そのまま切られたとしても、ムカサは動じなかっただろう。なにしろ、昨晩も血が吹き出るまで背中を鞭打ったばかりなのだ。
「じゃあ、何を聞きたいんだ?」
「あの人、ウィザードじゃないの?」
「たぶんな……たぶん、ロンギヌスだろう」
ロンギヌスとは、神話に出てくる槍の名前ではない。世界の守護者と呼ばれる絶大な力を持つ存在の直属の配下である、ウィザード集団の呼称である。当然腕が立ち有能である、逸材揃いだと聞いている。
「どうしてそう思うの?」
「服の趣味」
根拠にならないことはムカサも自覚していた。だが、外れたとしても何も問題はないのだ。
「仕掛けてみたら?」
「どうやって?」
「いつものやり方で」
ミツコが言う『いつものやり方』とは、クラス全体を覆う月匣を展開するというものだ。ウィザードではない通常の人間、イノセントは意識を保てないため、ウィザードとイノセントを見分けるもっとも効果的な方法である。しかし、問題は大きい。
「朝からクラス全員を眠らせていたら、本気でお前はテロリストだと思われるぞ」
「どうして、私がやることになっているのよ」
「俺がやるはずがないだろう」
月匣を解除しても、意識を失ったイノセントが目覚めるのには自然回復を待つほかないのだ。学年内では、1組は授業が遅れているといわれている。
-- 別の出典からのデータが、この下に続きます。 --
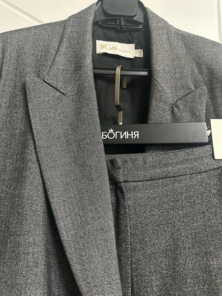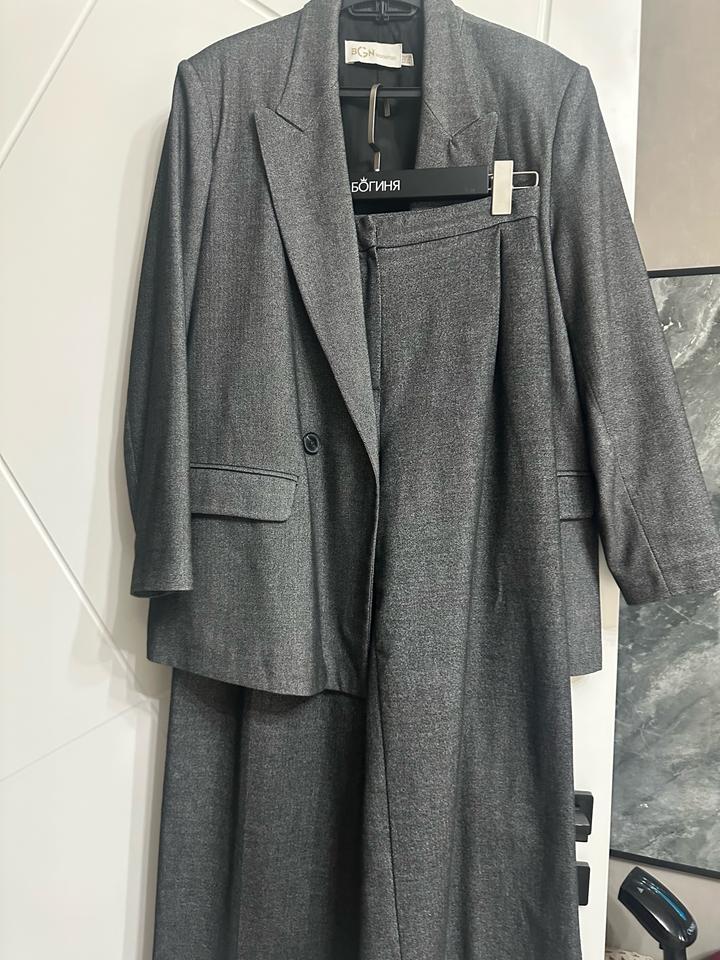 Стильный женский костюм в элегантном сером оттенке .Комплект состоит из Овер жакета и брюк паллацо. Костюм визуально вытягивает силуэт. Брюки классической длины,на рост до 1+7### ### ## ##Турция 🇹🇷 Артикул: 590437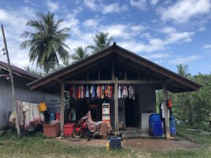 Noch einmal steuerten wir den Süden an, um uns ein kleines Fischerdorf anzuschauen. Die Insel ist insgesamt recht dünn besiedelt. Es gibt nur wenige Ortschaften, aber viele freistehende Häuser entlang der Straßen oder Kautschukwälder. Die meisten stehen zum Schutz vor den extremen Regenfällen im Herbst auf Stelzen. Manche wirken klein und baufällig, andere sind geräumiger und gepflegter. Mit Farbe wird versucht, alles ein wenig aufzuhübschen, mal gibt es ein türkis getünchtes Geländer, mal ein blau oder grün eingedecktes Dach, eine orange oder rosa gestrichene Fassade oder ein farbiges Blechdach. Im Fischerdorf jedoch ging es sehr ärmlich zu. Die Bretterbuden sahen aus, als würden sie beim nächsten heftigen Sturm restlos in sich zusammenfallen. Doch wie so oft strahlten die Menschen trotz dieser ärmlichen Behausungen eine Grundzufriedenheit aus. Alle grüßten uns freundlich. Die Frauen waren in und um die Häuser beschäftigt, fegten und knüpften Netze, die Männer lagen fast ausnahmslos daddelnd in den Hängematten auf der « Veranda ».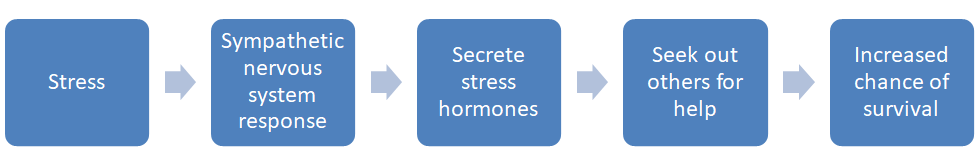 Interestingly, oxytocin is both a stress response and provides a calming effect. It encourages us to connect socially with others, which can result in positive emotions such as gratitude, happiness, and pleasure.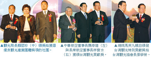 4.優良觀光產業及團體獎: 觀光導遊協會、台北縣旅館商業同業公會、開陽國際旅行社、金界旅行社、福華大飯店、台北君悅大飯店、晶華酒店、六福客棧、尊爵大飯店、京都商務旅館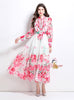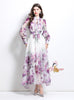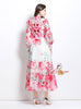 Fashion Printed Silm Waist Lantern Sleeve Dress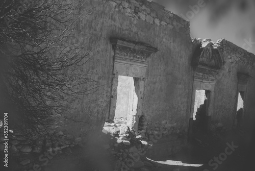 © Arturo Verea, Fototapeta premium Ruins of an ancient construction in Real de Catorce, Mexican ghost town black and white
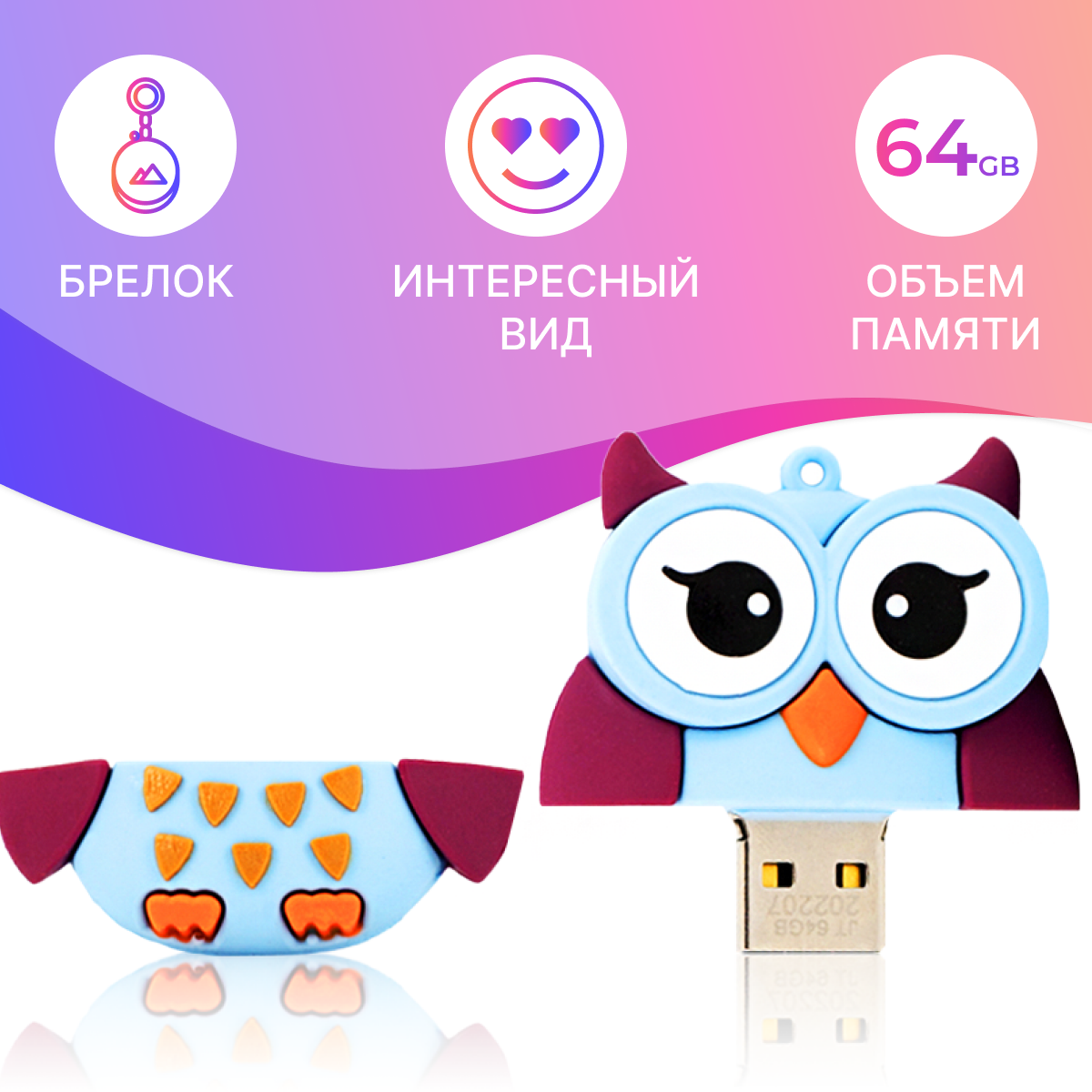 10 цен на Флешка USB 64GB / Оригинальная подарочная флешка ЮСБ 64 ГБ / Флеш накопитель / USB Flash Drive (Сова голубая)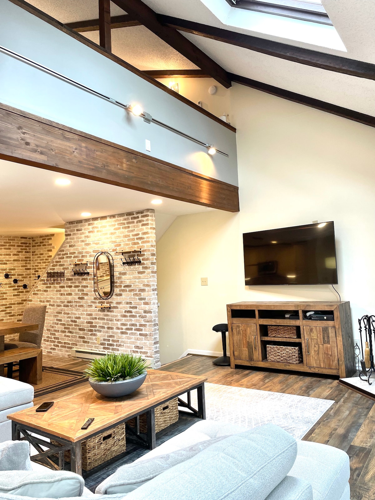 Beautifully renovated luxe townhouse for up to 8 guests, with 2 bedrooms, 2.5 baths, a full kitchen, office, loft, and a deck with a grill overlooking parklike shared grounds. Bright interiors, skylights, mountain views, and a marble master shower will take your breath away. Steps from Shawnee Mountain and a short drive to Shawnee Inn & Golf, Bushkill Falls, the Delaware Water Gap, outlets, and dining. Includes breakfast, snacks, and quality body care—ideal for families, couples, or groups.
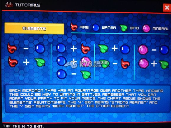 迷你怪物,Micromon同样也有着属性分类,主要有四大类属性,包括了红-火、蓝-水、绿-木以及紫-岩石,不同的属性之间也存在着相克之理,在属性上克制对方的时候会打出更多的伤害。红色代表火蓝色代表水绿色代表风紫色代表岩石下面是各属性相克表,两属性之间的[HEAVY PLUS SIGN]代表前一个克制后一个,[HEAVY MINUS SIGN]代表前一个被后一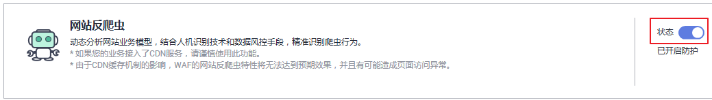 步骤2 :在“网站反爬虫”配置框,开启防护。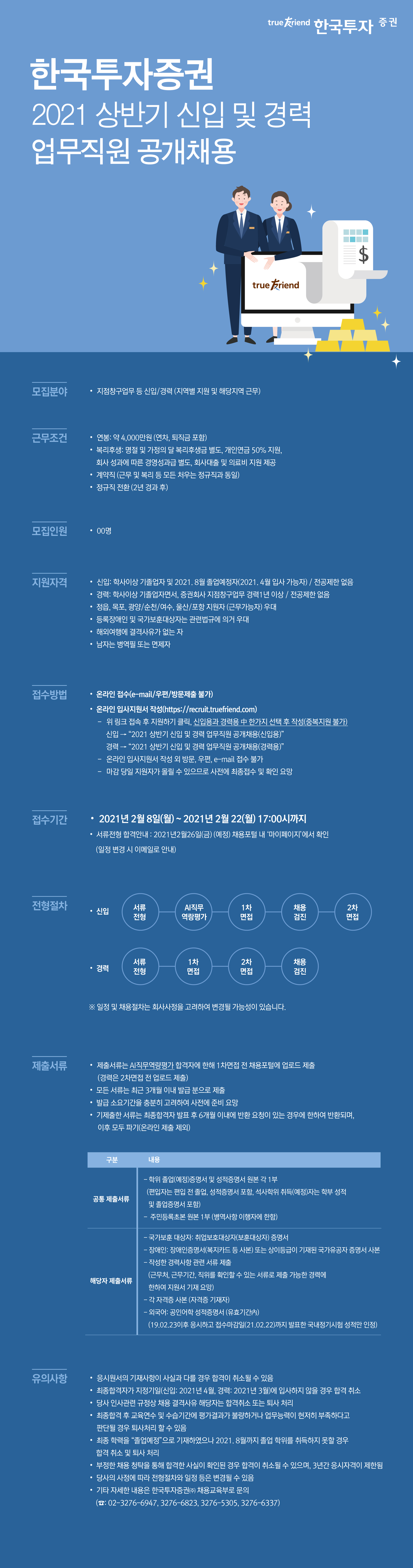 - 경력 : 학사이상 기졸업자면서, 증권회사 지점창구업무 경력 1년 이상 / 2021.3월 입사 가능자

何しろ、定期的に事業が休みになるのだから、進むはずもないのだ。
「仲が良くてうらやましいね。よろしく」
突然、予期しない方向から声をかけられた。
目の前に、いかにも爽やかそうな青年が笑っていた。予期しない方向とは、ミツコが居る場所以外のすべてである。ミツコ以外がムカサに話しかけてくることはほとんどなかったのだ。
「誰だ?」
クラスの中に、クラスメイト以外の同世代の人間がいるはずがない。
「転校生だ。聞いていなかったのか? それと、出席をとるために君の名前を呼んだはずだが、それも聞き逃したようだな。隣の女子と仲良くするなとは言わないが、先生の話ぐらいは聞いた方がいいぞ」
また、別の方向から声がかかった。こちらはわかる。新任の教師として赴任してきた黒瀬エリッサだ。確かに、転校生という紹介でもう一人いたことは覚えている。
だが、ムカサが反応したのは別のことだった。
「『仲が良い』? こいつと?」
隣も同じ反応をした。
「いつでも席を離してくれて結構です」
呪香ミツコの言葉に、クラス中が拒否反応を示した。地裏ムカサの相手ができるのは呪香ミツコだけであり、呪香ミツコの相手が地裏ムカサ以外に勤まるはずがないとみなされていたのだ。
「わかったわかった。とにかく、今日一日はここに座らせるから、よろしくな」
エリッサは転校生をムカサの前に座らせた。まるで転校生に詫びるような言葉を残してから、ホームルームを終了させた。